From new investments and partnerships to regulatory progress, we look at what happened this November 2022 in cellular agriculture.



Australian cell-based meat company Vow announced raising a massive $49 million in Series A funding.

Founded by George Peppou and Tim Noakesmith, Vow is a cell-based meat startup building a library of cell lines from various animal species, both domesticated and undomesticated, to produce a range of meat products.

Vow's cell-cultured Morsel product

Vow’s funding round was co-led by Blackbird Ventures and Prosperity 7, the venture arm of Aramco. Other participants in the round include Square Peg, Grok Ventures, Tenacious Ventures, and Toyota Ventures.

The largest Series A funding round to date for a cell-based meat startup, Vow’s financing is the largest funding round to date for any cellular agriculture company in the Asia-Pacific region. The company previously raised its $6 million seed round in January 2021.

Along with the funding announcement, Vow announced the first product it plans to launch: a Japanese umai quail product called Morsel. While initially aiming to launch its product at the end of this year, Vow now plans to launch its first product in Singapore at the start of 2023.

Moving forward, Vow plans to use the funding round to bring its first product to market, expand its commercial team, and build its new production facility, Factory 2. Vow aims to complete its Factory 2 in the second half of 2024 and be 100 times larger than its pilot plant, Factory 1.
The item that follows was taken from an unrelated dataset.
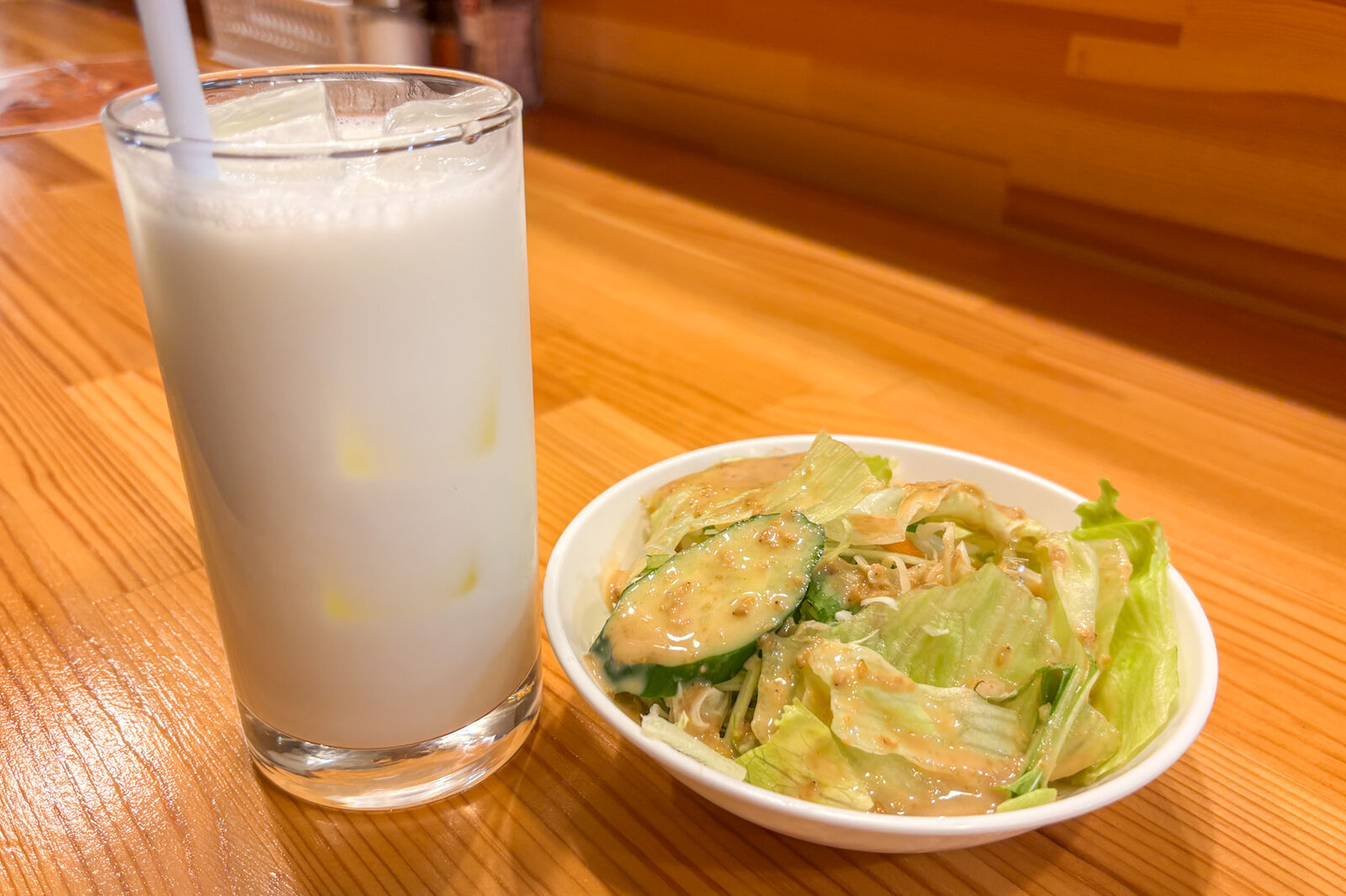 まずやってきたのは、ラッシーとサラダ。

Vow previously launched its Factory 1 at the start of October with a production capacity of up to 30 tons of cell-based meat annually. At the time, Vow shared its plan to receive regulatory approval to sell its cell-based meat in Australia in addition to Singapore.


Roslin Technologies

Roslin Technologies announced that the company raised £11 million (approx. $12.5 million) in funding to develop cell lines for cell-based meat production.

For cell-based meat to scale, the field needs to develop stable and immortal stem cell lines to produce their products. Stem cells are unique because they can make more of themselves through self-replication or produce cells that become different cell types via differentiation.

Based in Edinburgh, Scotland, Roslin Technologies is the only commercial cell line provider of stem cells for cell-based meat production, specifically induced pluripotent stem cells, that can divide indefinitely and differentiate into a wide range of cells.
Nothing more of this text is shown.